Pete, Janet, and Tobey were far too important to Elle to be dealt the last fourteen years of bad excuses that she used to not visit. They deserved better.
“Ok,” she whispered her defeat.
“Hand me your phone.” Viet held his hand out, palm up.
“ Why ?”
Viet’s forehead puckered. “Eleanor Marie Davidson.”
“Oh, you got full-named.” Willa laughed, sipping the fresh cocktail that had poofed into existence without Elle noticing.
Perhaps, the wine fairy would bring Elle a fresh glass to numb the dread of being forty minutes from the nearest cocktail bar for a month. More importantly, to dull the anxiety about being in a town where painful phantoms haunted each corner. How much rosé could she pack in her luggage?
“Fine,” she muttered and dropped her phone into Viet’s hand.
“I’m texting Uncle Pete to tell him the news.”
“Wait, I need to get my boss to sign off.” Elle reached for the phone.
But Viet was faster. “You’re a boss bitch. You’ll make it happen.”
“Fine.” She puffed out a breath. “Willa, let Ned know he can stay at my place.”
“Oh, I texted him five minutes ago. He’s pumped.”
“What if Viet’s emotional terrorism hadn’t worked?”
“Plan B was for you to fall in love with Ned via close proximity.”
“You read too many romance novels.” Elle took Willa’s drink from her and sipped.
Stupid alcohol . She narrowed her eyes at the cocktail, scrunched her nose, and handed it back. It was the three glasses of rosé’s fault that she was doing this. At least, that’s what she’d tell herself.

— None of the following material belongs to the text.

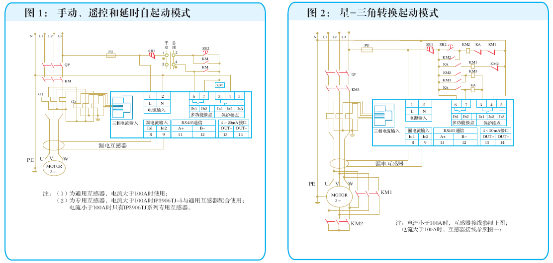 當(dāng)電機(jī)額定電流大于5A時,需外接專用或通用電流互感器。

“No such thing! I’ve had some of my best orgasms thanks to Denise Williams.” She fanned herself with the card-stock menu.
“Anyways, I’ll find you a dream Airbnb to live in while you’re in Perry-dise.
I wonder if I can find one with a hot farmer waiting for a city girl to melt his pants off with her steamy sass! ”
“Check the filter options,” Viet deadpanned.
“This will be more like a Stephen King novel, only Carrie returns to get doused with even more buckets of blood.” Elle rested her head on the table, its cool smooth surface sobered her to what a terrible idea this was.
“Except in this version Carrie returns as a badass healthcare executive with killer fashion sense and a hot bod.” Viet placed Elle’s phone beside her head.
“Totes! Also, you style your hair way better than in high school.”
Face pinched, Elle raised her head. “Why did I show you my senior yearbook?”
“It will be fine.” Viet covered Elle’s hand with his, warmth seeping through her. “You’re going home.”
Only she wasn’t going home. She was going back to where she’d grown up.